Стрекозы блестят на лету.
Поезд, сквозь строй стрекоз
летящий на Воркуту.
Шпалы. Шпалы. Шпалы.
Стальных им не сбросить пут.
Как люди, устало и вяло
под поезд легли – и ждут.
По зыбкой, по зябкой почве
легла в туманную жуть
дорога углю и почте,
из воли в неволю путь…
 
Была, должно быть, морока –
трудиться  в поте лица…
(«Папаша, кто строил эту дорогу?» –
я   спрошу у отца.
Ответит: «… их заклеймили,
а они – на своём горбу…»)

Граф Пётр Андреич Клейнмихель
перевернулся в гробу!

Северная жара –
прохлада и духота,
морошка и мошкара –
и вот она, Воркута!

Вознеслись терриконы
пирамидами до небес.
Волей каких фараонов
они воздвигнуты здесь?
Да полно, неужто живы
Совесть, Верность, Любовь?

Привет вам, полярные Фивы,
от сына ваших рабов!

             V.
Я в гостинице «Север».
      Невысокое новое здание.
«Все удобства».
      Узкий номер на четверых.
Я проснулся ночью от солнца.
      То ли позднее, то ли раннее,
заглянуло в окно – и обрушилось
      водопадом лучей своих.

Я оделся и вышел.
      На улице было по-прежнему
одиноко и пусто.
      Но над слоем скупой мерзлоты
красовались  цветы.
      Чересчур уж, пожалуй, нежные,
Но - цветы!..

Да, сомнения нет:
        в этой, проклятой Богом, обители
издевательств бессмысленных
        и немыслимых дрязг
расцветали цветы,
        неуютного Севера жители,
улыбаясь ночному солнцу,
       не сгибаясь, смеясь и борясь!


             VI.
Да!
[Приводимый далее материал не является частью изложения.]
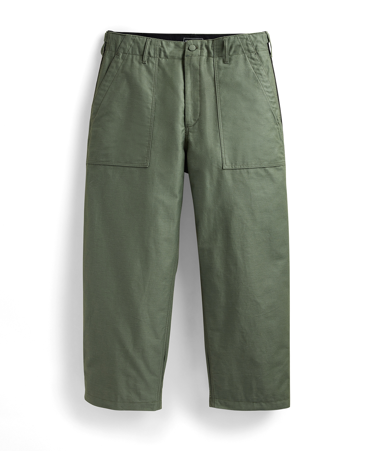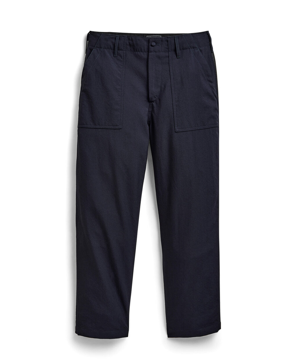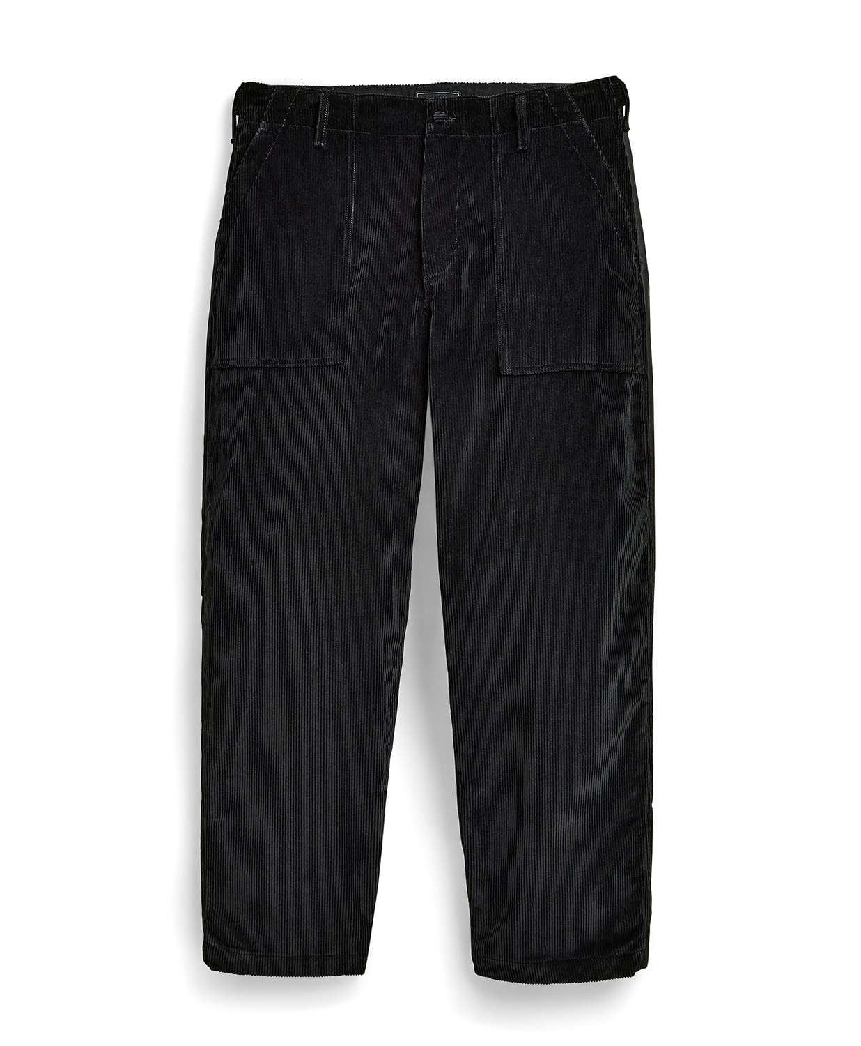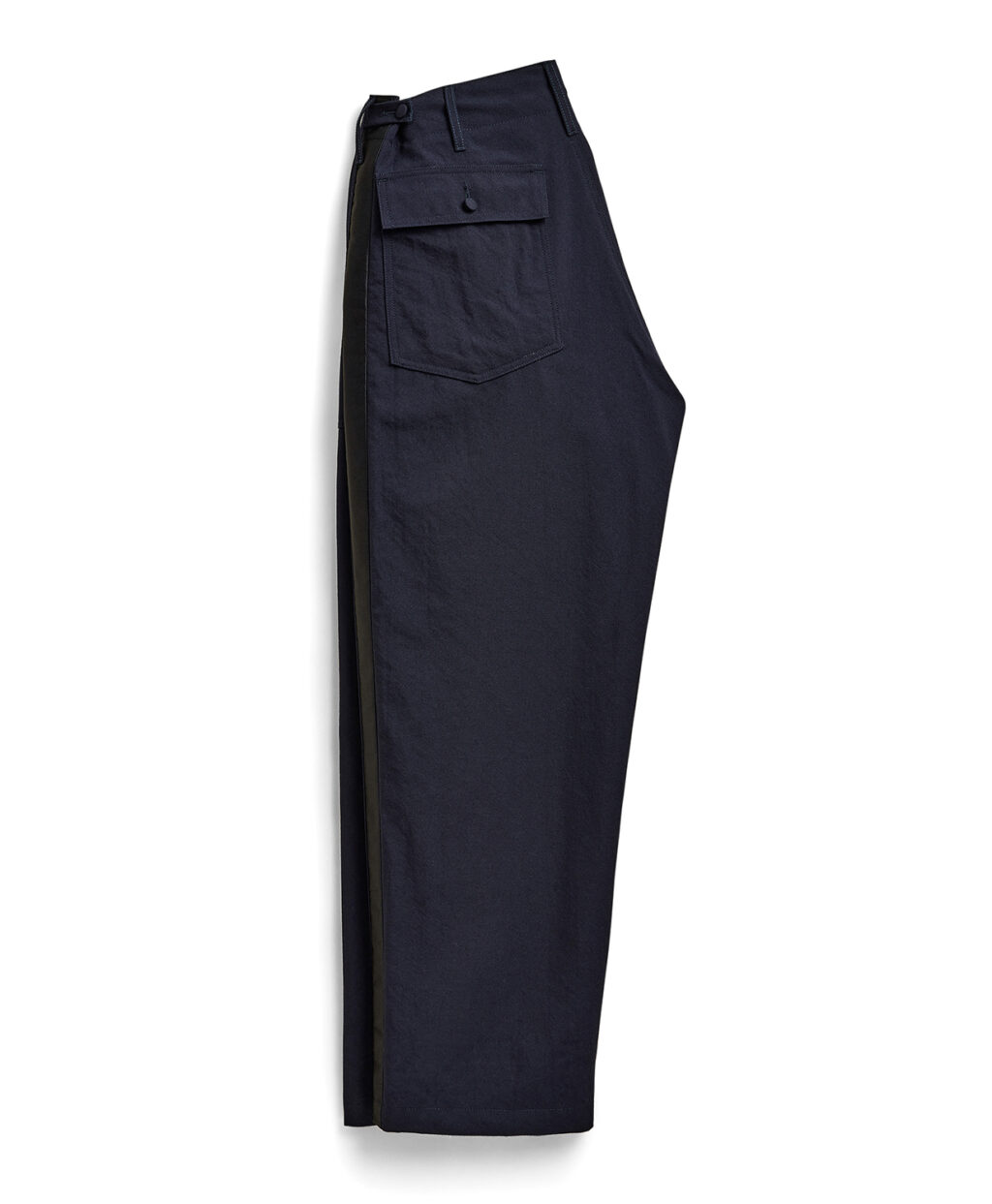 サテンのピークドラペルを配したオーバーサイズのタキシードジャケット、ENGINEERED GARMENTSのシグネチャーである『FATIGUE PANT』をベースとしたパンツ、計3種類のシャツなどが登場する。

Совесть, мужество и честь
и в этой яме есть!
Где их нашёл я, наконец?
В твоих глазах, отец!
Ты головою не поник,
хоть так истерзан ты,
и не утратил ни на миг
своей большой мечты.

Крепчайшее из всех сердец –
в твоей груди, отец!

Бывало, прежде твой досуг –
тетрадь и карандаш.
Бывало, твой сердечный друг –
крест-накрест патронташ.
Бывало, в схватках ты бывал
с Петлюрой и Махно.
Бывало, песни ты певал,
бывало, Маркса ты читал, –
бывало… но давно!

Пришли другие времена:
бесславье и навет.
«Скажите, в чём моя вина?
За что?!» - Ответа нет.

Но есть тюрьма, и есть этап,
и есть немая Воркута
на десять долгих лет…


             VII.
Что такое геройство?
              Что же такое – геройство?
Нам говорили – Зоя.
               Нам говорили – Матросов.
Мы задавали в школе
               тьму наивных вопросов,
не зная, что есть геройство
               совсем особого свойства.

Слава мужеству павших,
               ясному и простому!
Но если, чудом воскреснув,
               вы, герои, узнали б
про стоиков безымянных,
               про стойкость их и про стоны, -
что б вы сказали, герои?
               Я знаю, чтО вы сказали б:

«Телом своим прикрыть амбразуру вражьего дзота –
              Это – ЛЕГКО:
Мы защищали друзей по оружию, гибли от вражеских пуль.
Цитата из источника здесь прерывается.